On Wed, 06 Nov 2019, Dmitry Vyukov wrote:

> On Mon, Nov 4, 2019 at 3:28 PM Marco Elver <elver@google.com> wrote:
> >
> > Kernel Concurrency Sanitizer (KCSAN) is a dynamic data-race detector for
> > kernel space. KCSAN is a sampling watchpoint-based data-race detector.
> > See the included Documentation/dev-tools/kcsan.rst for more details.
> ...
> > +static inline atomic_long_t *find_watchpoint(unsigned long addr, size_t size,
> > +                                            bool expect_write,
> > +                                            long *encoded_watchpoint)
> > +{
> > +       const int slot = watchpoint_slot(addr);
> > +       const unsigned long addr_masked = addr & WATCHPOINT_ADDR_MASK;
> > +       atomic_long_t *watchpoint;
> > +       unsigned long wp_addr_masked;
> > +       size_t wp_size;
> > +       bool is_write;
> > +       int i;
> > +
> > +       BUILD_BUG_ON(CONFIG_KCSAN_NUM_WATCHPOINTS < CHECK_NUM_SLOTS);
> > +
> > +       for (i = 0; i < CHECK_NUM_SLOTS; ++i) {
> > +               watchpoint = &watchpoints[SLOT_IDX(slot, i)];
> 
> 
> The fast path code become much nicer!
> I did another pass looking at how we can optimize the fast path.
> Currently we still have 2 push/pop pairs on the fast path because of
> register pressure.

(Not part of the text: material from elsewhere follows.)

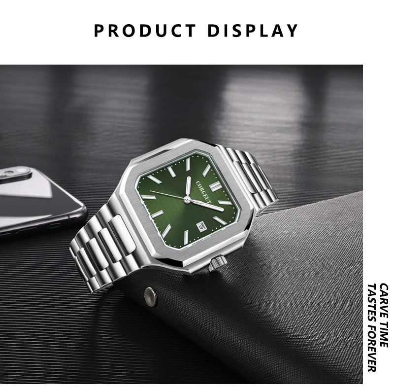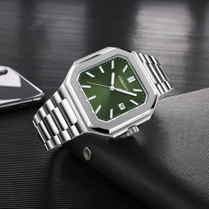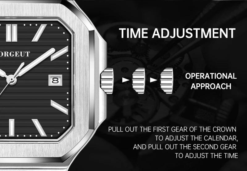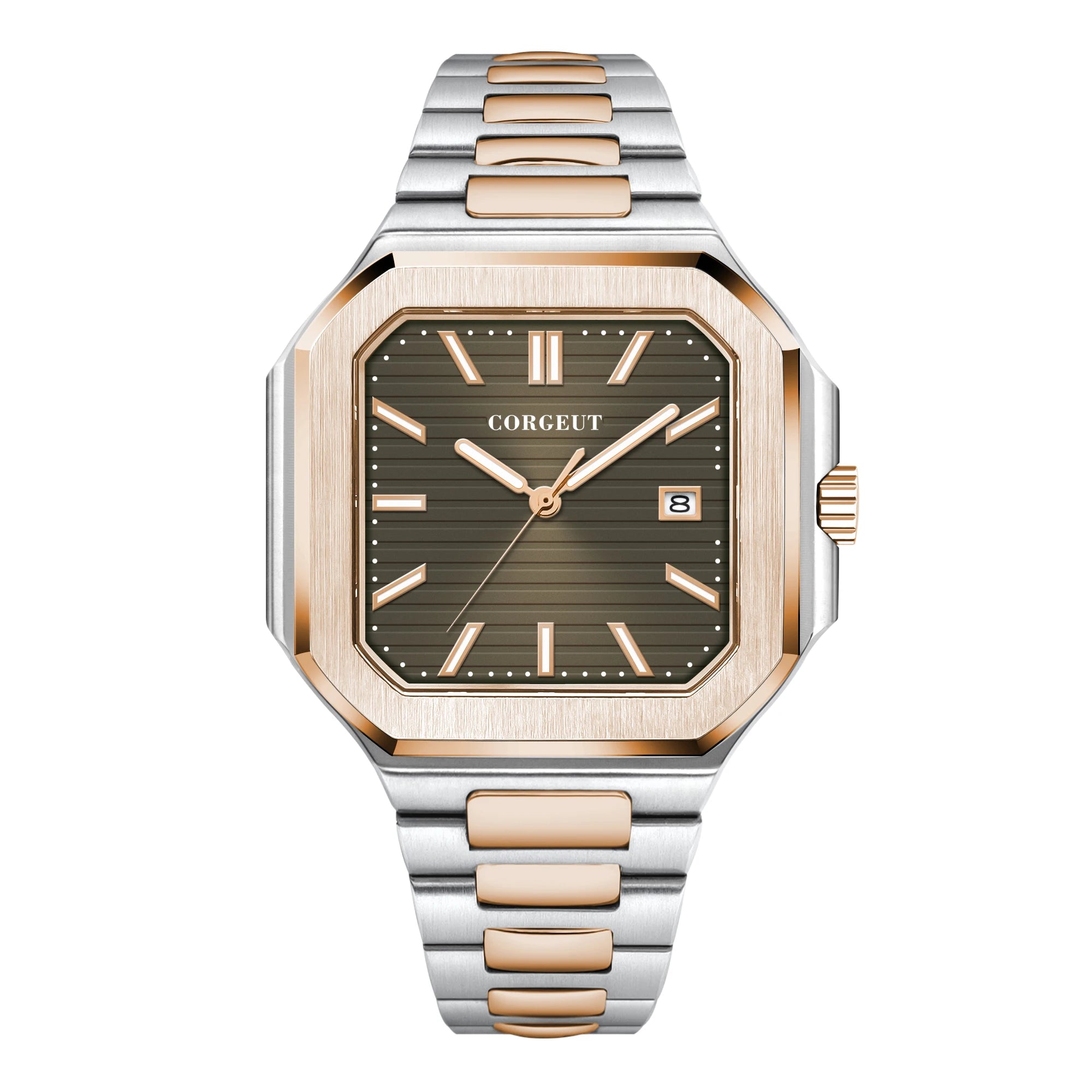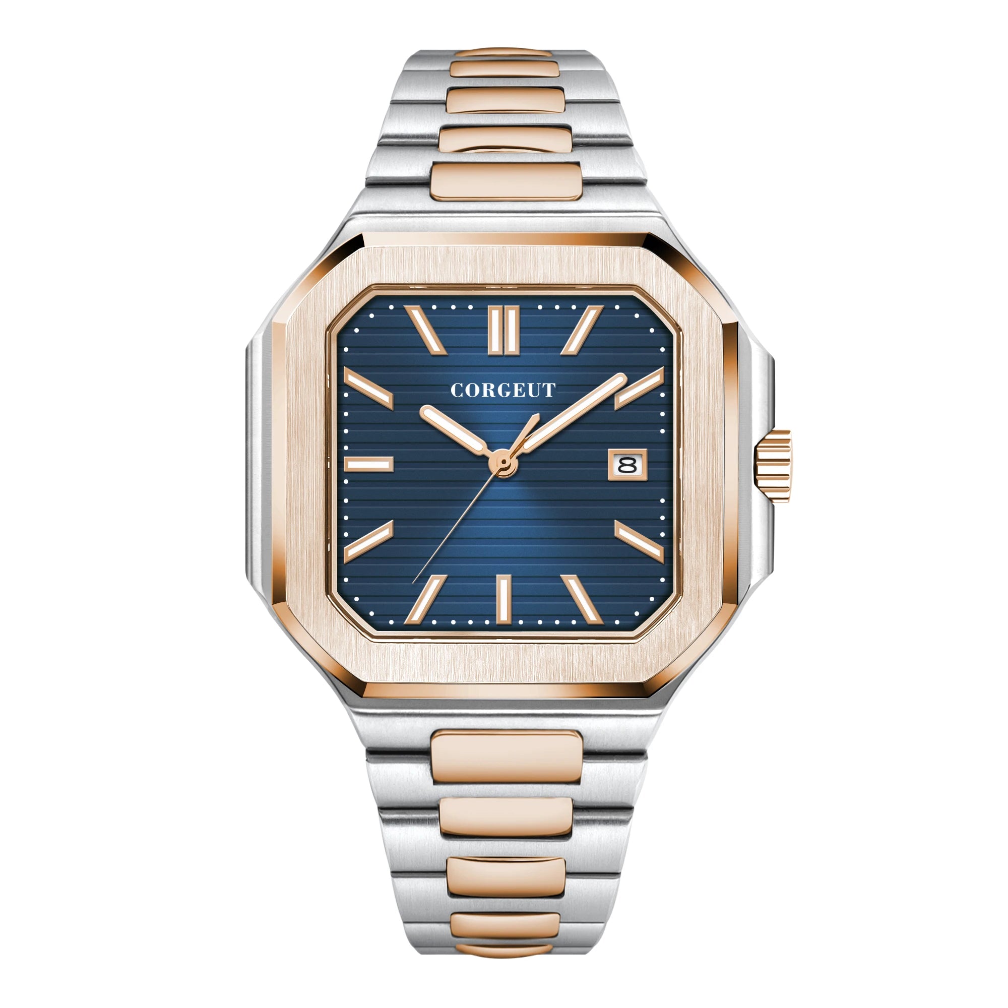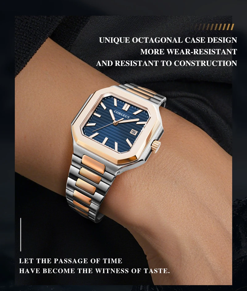 Presenting the Corgeut 6032 – a striking square automatic watch that blends vintage elegance with modern durability. Housed in a polished 44mm 316L stainless steel case and protected by a scratch-resistant sapphire crystal, it commands attention. Powered by a reliable Seiko NH35 or Miyota 8215 automatic movement, this timepiece offers precision engineering. Completed with a solid steel bracelet and 5ATM water resistance, it is a sophisticated daily companion.

The logic in SLOT_IDX seems to be the main culprit.
> We discussed several options offline:
> 1. Just check 1 slot and ignore all corner cases (we will miss racing
> unaligned access to different addresses but overlapping and crossing
> pages, which sounds pretty esoteric)
> 2. Check 3 slots in order and without wraparound (watchpoints[slot +
> i], where i=-1,0,1), this will require adding dummy slots around the
> array
> 3. An interesting option is to check just 2 slots (that's enough!), to
> make this work we will need to slightly offset bucket number when
> setting a watch point (namely, if an access goes to the very end of a
> page, we set the watchpoint into the bucket corresponding to the
> _next_ page)
> All of these options remove push/pop in my experiments. Obviously
> checking fewer slots will reduce dynamic overhead even more.
> 
> 
> > +               *encoded_watchpoint = atomic_long_read(watchpoint);
> > +               if (!decode_watchpoint(*encoded_watchpoint, &wp_addr_masked,
> > +                                      &wp_size, &is_write))
> > +                       continue;
> > +
> > +               if (expect_write && !is_write)
> > +                       continue;
> > +
> > +               /* Check if the watchpoint matches the access. */
> > +               if (matching_access(wp_addr_masked, wp_size, addr_masked, size))
> > +                       return watchpoint;
> > +       }
> > +
> > +       return NULL;
> > +}
> > +
> > +static inline atomic_long_t *insert_watchpoint(unsigned long addr, size_t size,
> > +                                              bool is_write)
> > +{
> > +       const int slot = watchpoint_slot(addr);
> > +       const long encoded_watchpoint = encode_watchpoint(addr, size, is_write);
> > +       atomic_long_t *watchpoint;
> > +       int i;
> > +
> > +       for (i = 0; i < CHECK_NUM_SLOTS; ++i) {
> > +               long expect_val = INVALID_WATCHPOINT;
> > +
> > +               /* Try to acquire this slot. */
> > +               watchpoint = &watchpoints[SLOT_IDX(slot, i)];
> 
> If we do this SLOT_IDX trickery to catch unaligned accesses crossing
> pages, then I think we should not use it insert_watchpoint at all and
> only set the watchpoint to the exact index. Otherwise, we will
> actually miss the corner cases which defeats the whole purpose of
> SLOT_IDX and 3 iterations.
> 

Just for the record, there are 2 reasons actually I decided to do this:

1. the address slot is already occupied, check if any adjacent slots are
   free;
2. accesses that straddle a slot boundary due to size that exceeds a
   slot's range may check adjacent slots if any watchpoint matches.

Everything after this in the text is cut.